During my interview on Mouseveillance: How Disney Spies on You, you will learn:
- What is mouseveillance?
- Who does it affect?
- Who else has access to their data?
- Who else is using this technology?
- What is the line between privacy rights and capitalism
- What can be done about it?
http://coffeebreakwithsabra.com/
Episode Transcript
SABRA: Welcome to the Coffee Break with Sabra, where we answer your burning questions, the questions you didn’t ask, didn’t know to ask, or were afraid to ask, we ask them for you. Each week we bring you another 20 minutes so that you can get your answers and get back to having a productive and fabulous day. Today we’re here with Raj Goel. He’s an author, entrepreneur, IT expert and public speaker. Raj is globally known as the go-to man in cybersecurity and privacy law. He is committed to educating individuals and organizations about online safety and how to protect the most important assets, people and data. His expert advice helps individuals, companies, and conglomerates navigate their way through the world’s ever-changing technology and increasingly complex IT compliance laws. He often appears in the media and at conferences worldwide to educate the public on cybersecurity and digital privacy, a subject he is passionate about. Raj is fueled by his passion for enhancing civil rights in cyberspace. His love of helping people keeping themselves, their families, and their companies safe online. He’s available as a consultant and public speaker, and often sought after major media outlets and companies. Welcome to the program Raj.

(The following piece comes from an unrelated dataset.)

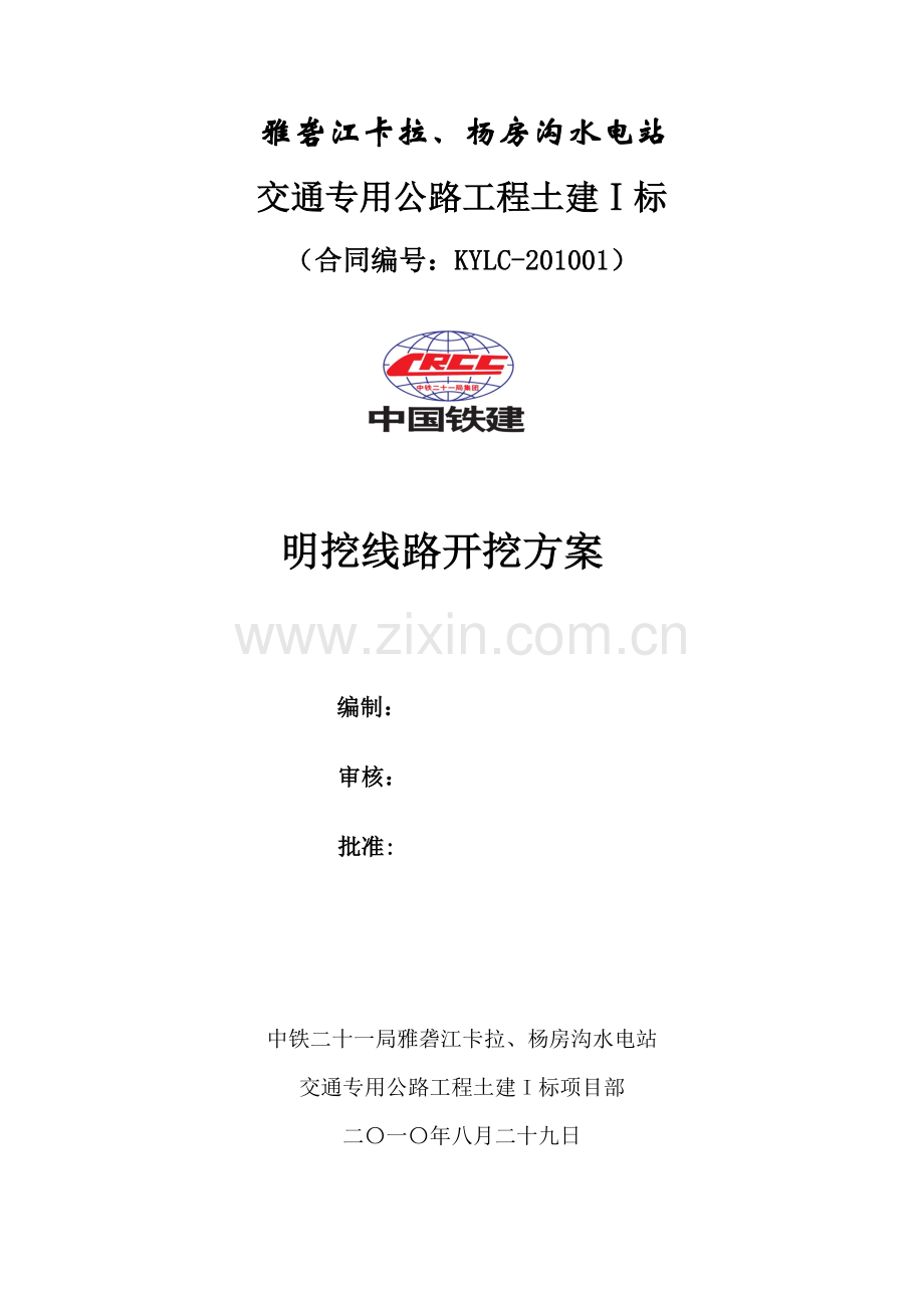 我单位已编制完成 雅砻江卡拉、杨房沟水电站交通专用公路工程土建I标明挖线路开挖方案 ,并经我单位技术负责人审查批准,请予以审查。

RAJ: Thank you Sabra, glad to be here.
SABRA: Yeah, I’m very excited to have you back. You had some great stuff for us at the end of 2014, and today you’ll be speaking with us about Mouseveillance, how Disney spies on you. I’m really curious about that and how Disney is spying on all of us it seems. Can you tell us a little… I was going to ask you can you tell us what Mouseveillance is and what do you mean by that?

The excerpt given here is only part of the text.